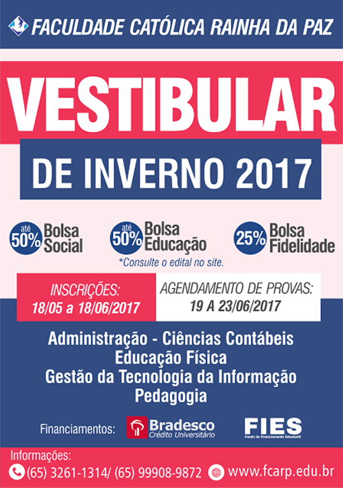 abertas para o Vestibular de Inverno 2017 para os cursos:
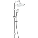 Устройство: душевая система • Ручная лейка: размер 100 мм, настройки 3 шт • Верхний душ: размер 250 мм, настройки 1 шт • Комплектация: лейка, стойка, шланг, крепление лейки, мыльница
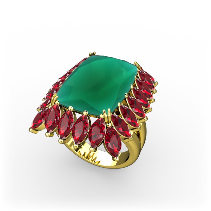Kök zümrüt ve garnet 925 ayar altın kaplama gümüş yüzük
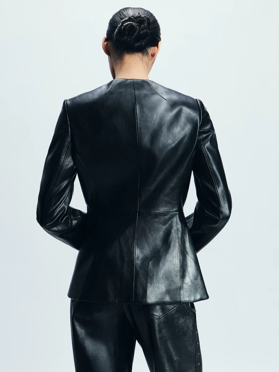 Приталенный жакет из искусственной кожи. Круглый вырез. Застёгивается на пуговицы.
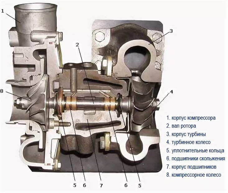 Так как обе части улиток турбокомпрессора соединены единым валом, то от вращения колеса турбины с той же скоростью начинает вращаться и колесо компрессора турбины, которое соединено с впускной системой двигателя.
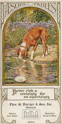 April, 1927 calendar titled "Aesop's Fables," with a good, round-top illustration of John Rae's "The Dog and His Image" and the moral "Never risk a certainty for an uncertainty." The illustration may have appeared first in Fables in Rhyme for Little Folks (Adapted from the French of La Fontaine. Written by W.T. Larned. Illustrated by John Rae. Chicago: P.F. Volland Co. 1918). See my reprints of the book under 1918/35? and 1918/50. - Source
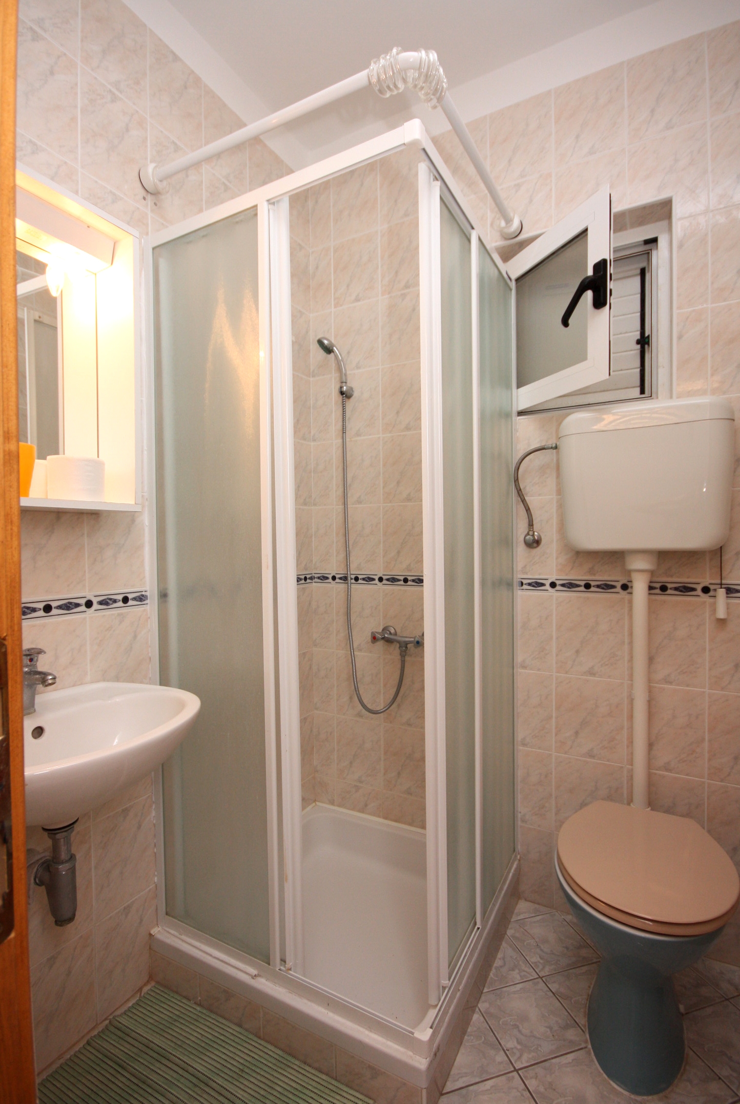 Pokój może przyjąć 3 gości. Łóżka znajdują się w sypialniach, których jest 1, na powierzchni 16m2. Możliwe jest korzystanie ze wspólnej kuchni. Możliwość przygotowywania posiłków poprzez korzystanie ze wspólnego grilla. Rezerwowana kwatera nie ma balkonu ani tarasu. Rezerwowana kwatera to pokój z własną łazienką, z możliwością korzystania ze wspólnej kuchni bez dopłaty. WLICZONE W CENĘ: taksa pobytowa, sprzątanie końcowe, klimatyzacja, wspólna kuchnia, parking, internet, łóżeczko dziecięce, żelazko, deska do prasowania, suszarka do włosów. NIEOBOWIĄZKOWE KOSZTY DODATKOWE: pranie bielizny (6,00 € pranie). Dostępność dodatkowych usług w rezerwowanym terminie oraz ich cenę (jeśli nie jest podana) należy sprawdzić wcześniej. Za dodatowe usługi, które nie zostały uwzględnione w kalkulacji ceny, płaci się bezpośrednio właścicielowi obiektu, pod warunkiem śe gość korzysta z tych usług.
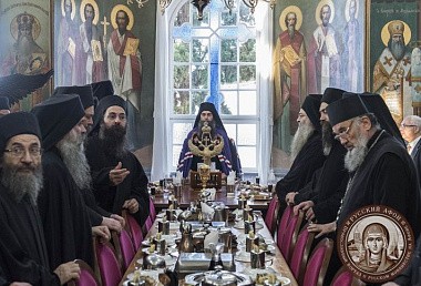 По совершении часов поставляемый иеромонах Евлогий был подведен к членам Кинотской Эпитропии. Архиграмматеос иеромонах Феофил зачитал послание Священного Кинота новоизбранному игумену Русского монастыря со всей во Христе братией.
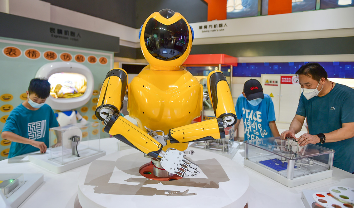 7月27日,在合肥科技馆里,孩子们在体验科技的神奇与魅力。暑期以来,许多市民带着孩子来到位于合肥市蜀山区的合肥市科技馆近距离感受科技魅力,在丰富青少年暑期生活、学习科学技术知识的同时,共享亲子快乐时光。(图片来源:人民网)
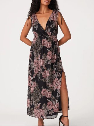 Women's printed holiday dress with shoulder floral print

## [HOW TO COMPLETE THIS TASK]
Leave the pictures out, and transcribe exactly the lines above starting at the one that contains "Приталенный жакет из" and ending at the one that contains "April, 1927 calendar".

## [TASK RESULT]
 Приталенный жакет из искусственной кожи. Круглый вырез. Застёгивается на пуговицы.
 Так как обе части улиток турбокомпрессора соединены единым валом, то от вращения колеса турбины с той же скоростью начинает вращаться и колесо компрессора турбины, которое соединено с впускной системой двигателя.
 April, 1927 calendar titled "Aesop's Fables," with a good, round-top illustration of John Rae's "The Dog and His Image" and the moral "Never risk a certainty for an uncertainty." The illustration may have appeared first in Fables in Rhyme for Little Folks (Adapted from the French of La Fontaine. Written by W.T. Larned. Illustrated by John Rae. Chicago: P.F. Volland Co. 1918). See my reprints of the book under 1918/35? and 1918/50. - Source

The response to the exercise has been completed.